Из-за него-то и начались у Гринера неприятности.
Однажды приехал он в Москву в особенно скверном настроении, я таким его прежде не видел. Мы выпили, и он в порыве откровения поведал мне историю своей семьи.
Работали они тогда с Эммой в геологической партии на Севере, жили в избушке, и однажды им подбросили грудного ребенка. Эмма выдала ребенка за своего. Лет через пять у них родился мальчик, курчавый ангелок, добрый и тихий, я его, кстати, знал.
Но все делалось в семье так, чтобы первому было лучше… Это и понятно. Родительские комплексы. Но старший подрос, и началось…
В школе, в старших классах, стащил телевизор, пропил, Гринер едва вытащил его из милиции. Все друг друга знают, помогли.
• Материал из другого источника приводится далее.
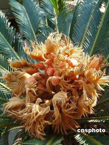 11月10日,江苏海安县粮食局退休干部孙道峰摆放在门口有30余年的一棵铁树开花,花心长出橘红色的果实。据了解,一般铁树要有60至70年的树龄才开花,铁树结果更为少见。中新社发 徐瑞平 摄
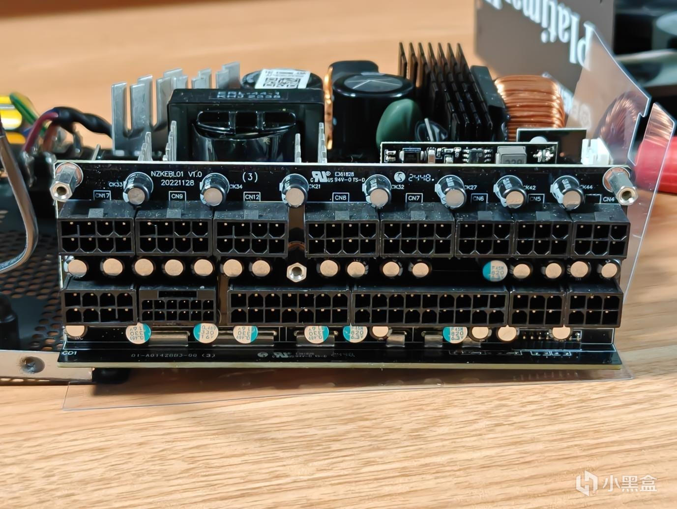 輸出模組豎向一體式,後面佈滿了許多電容,用於12V輸出和3.3V/5V輸出, 用料很足。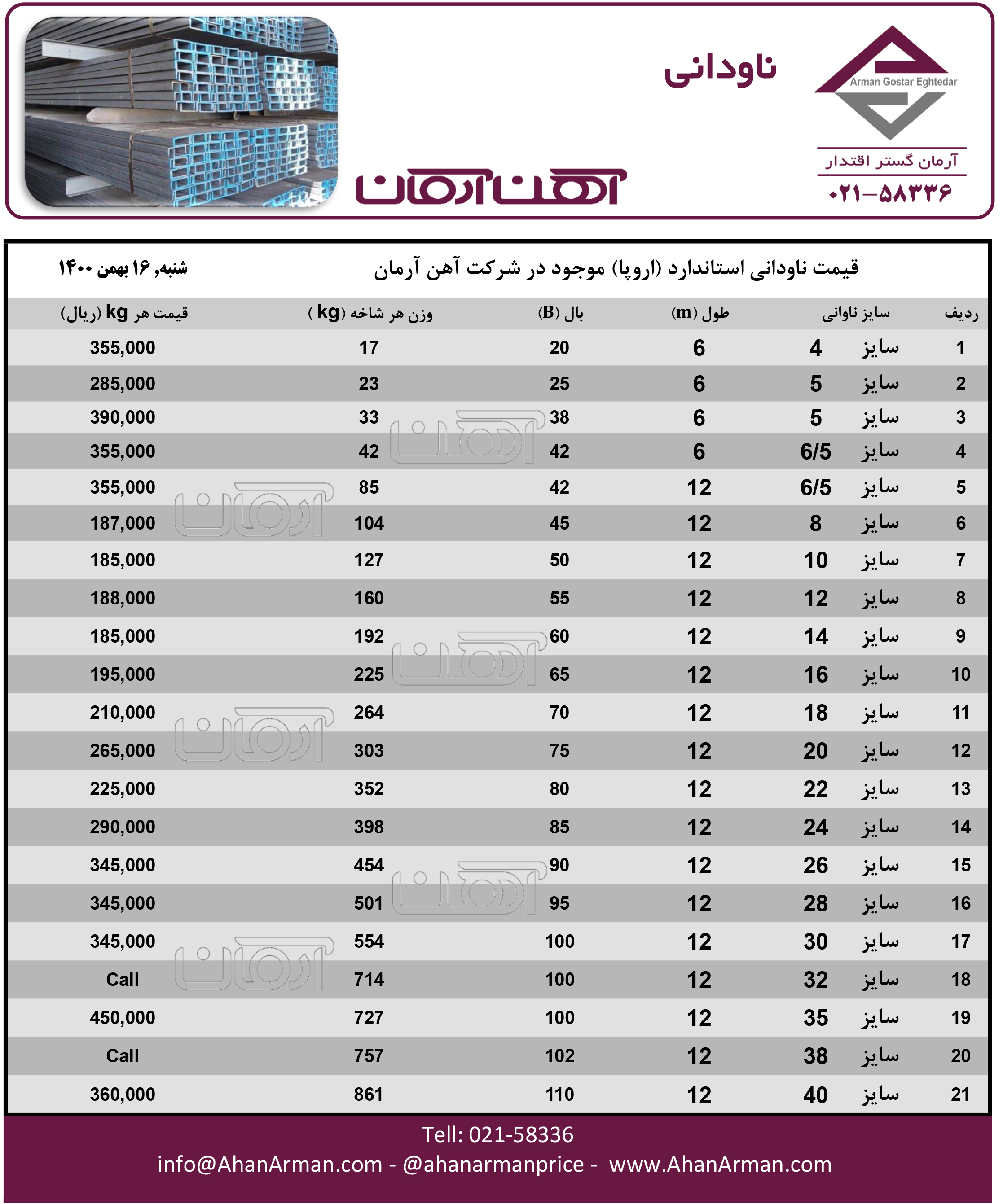 ناودانی ایرانی ☎️021-58336 🌐www.ahanarman.com 🆔 @ahanarmanprice https://t.me/AhanArmanPrice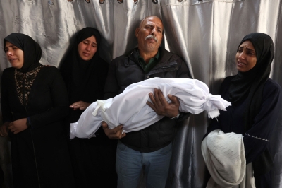 Palestinians mourn as they hold the body of a relative, killed in an Israeli strike, at Al-Ahli Arab hospital, also known as the Baptist hospital, in Gaza City on November 27, 2024, amid the ongoing war in the Palestinian territory between Israel and Hamas. –– AFP pic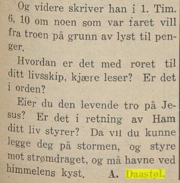 Andreas E. Daastøls artikkel : «I drift», inntatt i Flekkefjord-avisen «Agder» fredag 21. juni 1946

Потом по пьянке подрался, избил кого-то…
Попытался Гринер через военкома, тоже знакомого, спихнуть парня в армию, а тут новое преступление…
Эмма слегла с сердцем, Гринер вымотал все нервы: в городе, где его уважают, такие вдруг дела. Встал вопрос об отъезде…
Это было как бегство, они даже квартиру не реализовали.
Жили (доживали, наверное, будет точней) под Киевом, в домике отца, не очень ухоженном, две комнатушки и веранда. После его смерти дом перестроили, утеплили и даже пригласили меня в гости. С Люсей, Борисом и Садовниковым, когда ездили по Украине, заезжали к ним и были тепло приняты. Дом Гринеров по-прежнему хлебосольный.